To proceed, either use Microphone(device_index=MICROPHONE_INDEX, ...) instead of Microphone(...) , or set a default microphone in your OS. You can obtain possible values of MICROPHONE_INDEX using the code in the troubleshooting entry right above this one.

The program doesn’t run when compiled with PyInstaller .

As of PyInstaller version 3.0, SpeechRecognition is supported out of the box. If you’re getting weird issues when compiling your program using PyInstaller, simply update PyInstaller.

You can easily do this by running pip install --upgrade pyinstaller .

On Ubuntu/Debian, I get annoying output in the terminal saying things like “bt_audio_service_open: […] Connection refused” and various others.

The “bt_audio_service_open” error means that you have a Bluetooth audio device, but as a physical device is not currently connected, we can’t actually use it - if you’re not using a Bluetooth microphone, then this can be safely ignored. If you are, and audio isn’t working, then double check to make sure your microphone is actually connected. There does not seem to be a simple way to disable these messages.

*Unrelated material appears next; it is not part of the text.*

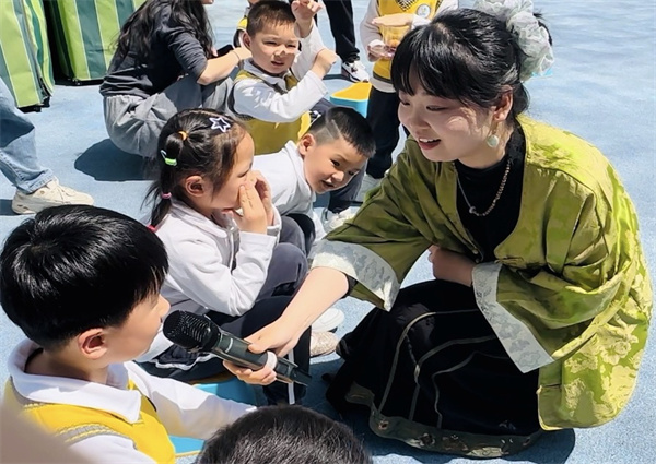 美诗美词撞进春风,一场妙趣横生的“古诗接龙”正在“芳草诗会”现场欢乐上演。孩子们手持话筒,伴着春风送来的花香朗诵着一首首经典诗词,共赏春日里的“碧玉妆成一树高”,共听花园里的“自在娇莺恰恰啼”,把“诗词”搬进大自然,让诗词之美在春日的微风中飘散。
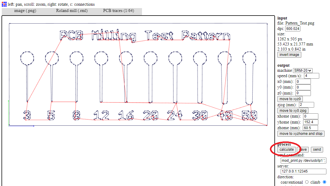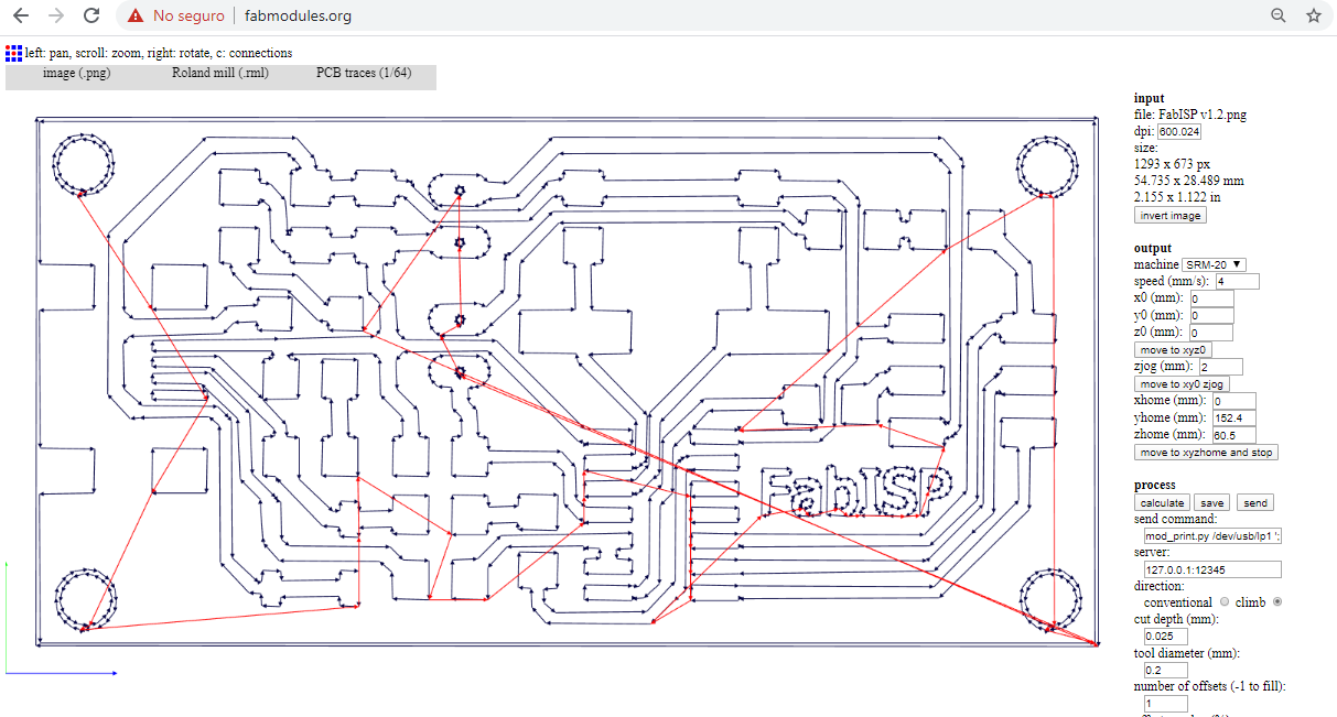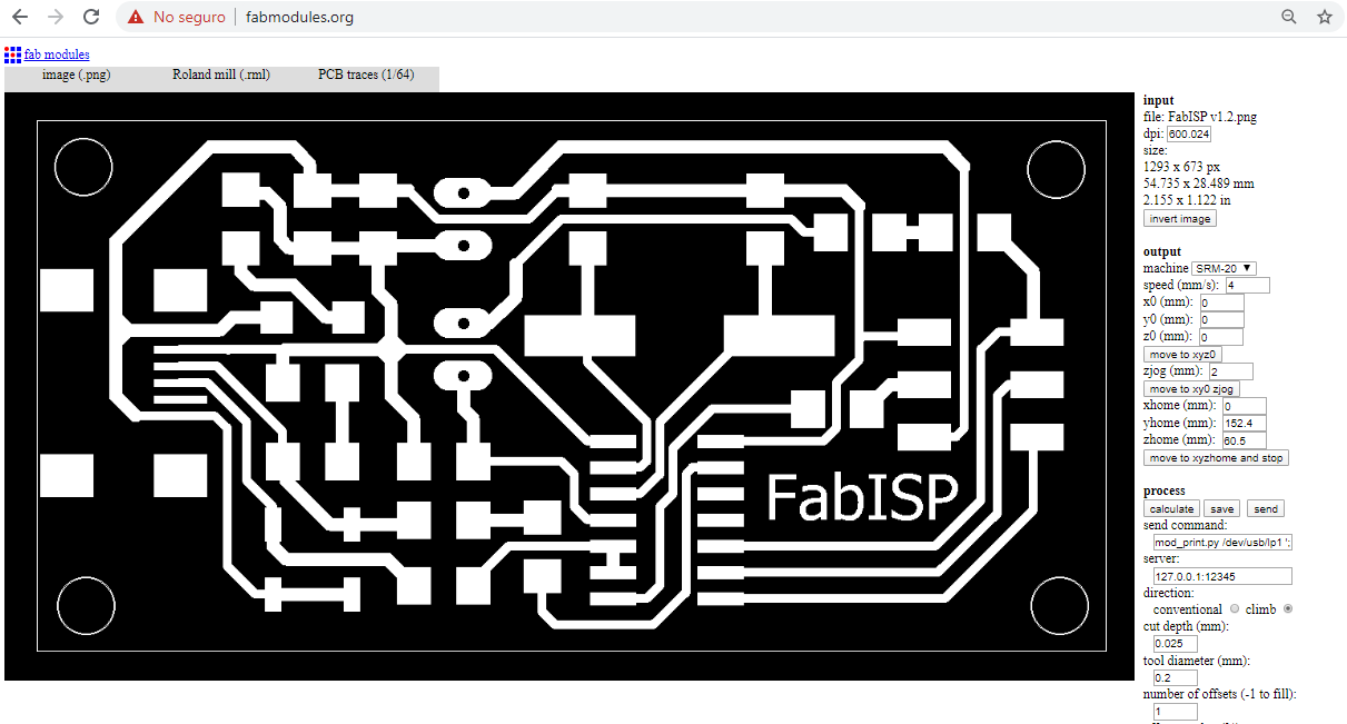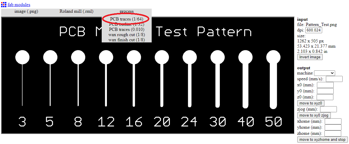 Afterwards, I choose the process to PCB traces (1/64) because it is the format to MONOFAB machine:

For errors of the form “ALSA lib […] Unknown PCM”, see this StackOverflow answer . Basically, to get rid of an error of the form “Unknown PCM cards.pcm.rear”, simply comment out pcm.rear cards.pcm.rear in /usr/share/alsa/alsa.conf , ~/.asoundrc , and /etc/asound.conf .

For “jack server is not running or cannot be started” or “connect(2) call to /dev/shm/jack-1000/default/jack_0 failed (err=No such file or directory)” or “attempt to connect to server failed”, these are caused by ALSA trying to connect to JACK, and can be safely ignored. I’m not aware of any simple way to turn those messages off at this time, besides entirely disabling printing while starting the microphone .

On OS X, I get a ChildProcessError saying that it couldn’t find the system FLAC converter, even though it’s installed.

Installing FLAC for OS X directly from the source code will not work, since it doesn’t correctly add the executables to the search path.

Installing FLAC using Homebrew ensures that the search path is correctly updated. First, ensure you have Homebrew, then run brew install flac to install the necessary files.

To hack on this library, first make sure you have all the requirements listed in the “Requirements” section.

To install/reinstall the library locally, run python setup.py install in the project root directory .

Before a release, the version number is bumped in README.rst and speech_recognition/__init__.py . Version tags are then created using git config gpg.program gpg2 && git config user.signingkey DB45F6C431DE7C2DCD99FF7904882258A4063489 && git tag -s VERSION_GOES_HERE -m "Version VERSION_GOES_HERE" .

Releases are done by running make-release.sh VERSION_GOES_HERE to build the Python source packages, sign them, and upload them to PyPI.

To run all the tests:

Testing is also done automatically by TravisCI, upon every push. To set up the environment for offline/local Travis-like testing on a Debian-like system:

FLAC Executables

The included flac-win32 executable is the official FLAC 1.3.2 32-bit Windows binary .

The included flac-linux-x86 and flac-linux-x86_64 executables are built from the FLAC 1.3.2 source code with Manylinux to ensure that it’s compatible with a wide variety of distributions.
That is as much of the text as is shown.